Might it be possible that human agency is not founded on laws at all? Or that if laws exist, they are so numerous, so conditional and contextual and complex in their interdependent outcomes that it is nigh impossible to tame them into a framework of order? Do we find manifested on Earth the freedom of nature – and have we any idea of that freedom's limits or proper use?

But we have agendas. Some social science disciplines have gravitated around "laws" of human behaviour whether they exist or not. Hobbes's "state of nature". International anarchy. "Rational choice" theory. These all establish "laws" about human nature that are broken by millions of people every day, but nonetheless have enough political leverage and populist appeal to dominate their fields, and to set the terms of discourse so as to throw out all challenges as irrelevant or invalid. Often their proponents have taken upon themselves the language and lab coats of natural science not because they necessarily believe these are apt, but rather to benefit from science's sense of solidity, the aura of certainty surrounding scientific laws that cannot be broken: so they can establish their opinions as facts, and through that added weight wield social or political influence.

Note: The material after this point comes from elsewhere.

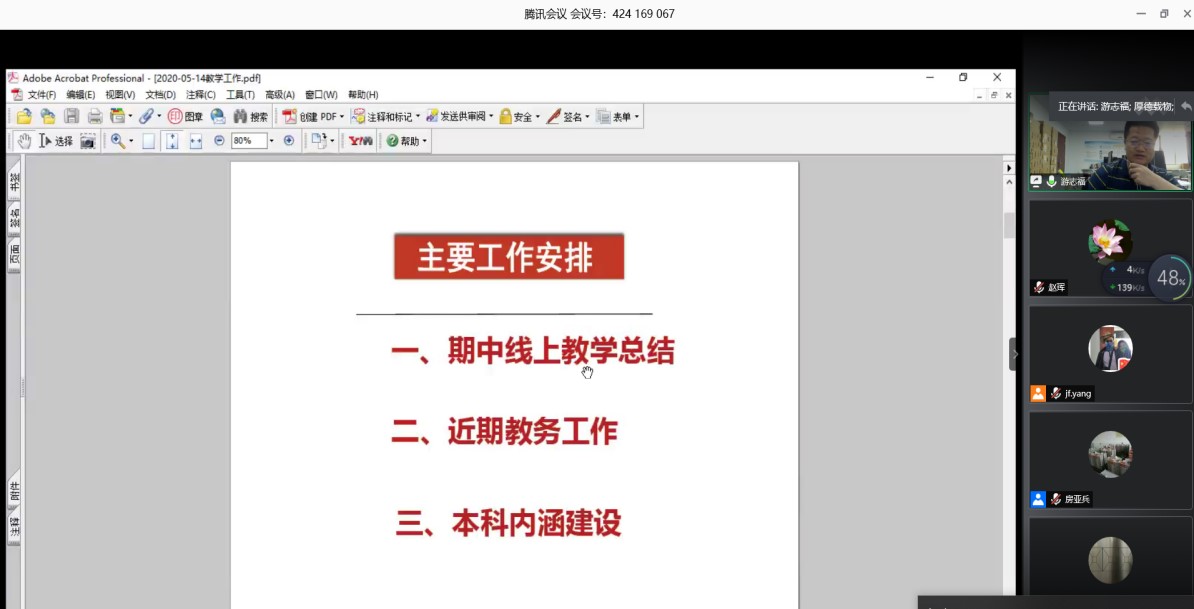 2020年5月14日下午三点,TapTap点点在腾讯会议平台,召开了本学期期中本科线上TapTap会议。会议围绕本学期期中线上教学总结、近期教务工作、本科内涵建设等方面展开深入交流以及探讨: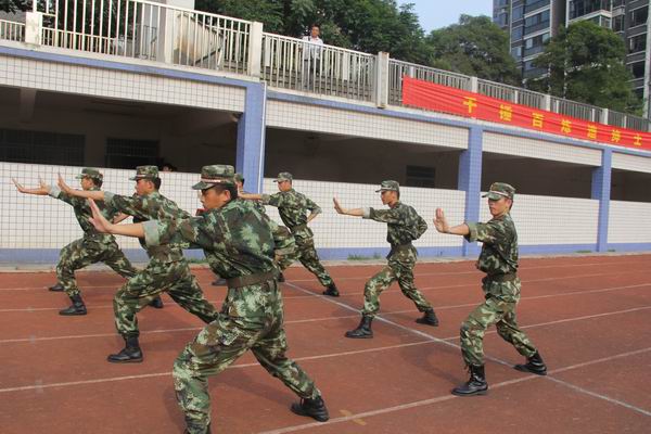 稍后,进入会操决赛的6个连队进行了展示,整理着装,停止间转法,齐步走,敬礼等等,短短6天时间,同学们已经熟练掌握了动作要领,增加了几分军人的风采,引来主席台上领导和队伍不远处正在观看会操的家长代表们的赞赏。

And there is the problem. As if it were not enough that we are incredibly complex creatures with a range of rationalities and emotions, experiences and priorities and beliefs and ambitions and values, we must also contend with the inconvenience that we are studying ourselves.

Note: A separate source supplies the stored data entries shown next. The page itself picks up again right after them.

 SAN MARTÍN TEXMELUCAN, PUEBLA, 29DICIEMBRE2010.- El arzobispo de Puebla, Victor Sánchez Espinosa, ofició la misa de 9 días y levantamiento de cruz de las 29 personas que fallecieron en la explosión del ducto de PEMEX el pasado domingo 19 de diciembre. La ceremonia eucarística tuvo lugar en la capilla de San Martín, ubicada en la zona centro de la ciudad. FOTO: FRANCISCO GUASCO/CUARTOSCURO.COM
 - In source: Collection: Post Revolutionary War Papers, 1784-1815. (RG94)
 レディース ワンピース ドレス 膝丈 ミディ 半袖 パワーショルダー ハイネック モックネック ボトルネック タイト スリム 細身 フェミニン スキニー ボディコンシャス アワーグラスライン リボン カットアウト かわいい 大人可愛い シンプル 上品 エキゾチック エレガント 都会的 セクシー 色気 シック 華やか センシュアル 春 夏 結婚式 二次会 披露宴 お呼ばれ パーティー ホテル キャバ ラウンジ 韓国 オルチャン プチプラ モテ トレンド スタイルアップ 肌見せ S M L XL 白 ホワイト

In an cricket match, would we entrust one of the players from either team to serve as umpire? Would we entrust a war's conflicting factions to arbitrate in ceasefire negotiatons, or turn instead to a nicer and more impartial party such as Norway? Do we deem it sensible to invite the defendent in a courtroom to be his or her own judge? When it comes to the study of the human race, we have no choice in the matter: we don't know any impartial aliens we can ask to do it for us.

Now look at our history. Look at the avalanche of value-loaded trials and tribulations and calamities and catastrophes we've loosed upon ourselves down the ages. Never mind what's caused it for a moment. The question here is: do we honestly trust such a species to be reliable in the study of itself?

Sure we can get close to impartiality when we really try; close enough to accumulate one heck of a splendid mass of understanding about our objective surroundings, enough to build a journey for our species upon – regardless of how universal or permanent that knowledge may or may not be. But when it comes to something already so confounding and convoluted as the human being? No: we have too abysmal a record with arrogance, pride and vested interests, and must resolve those first before we even think about searching for laws of nature which may or may not underlie us.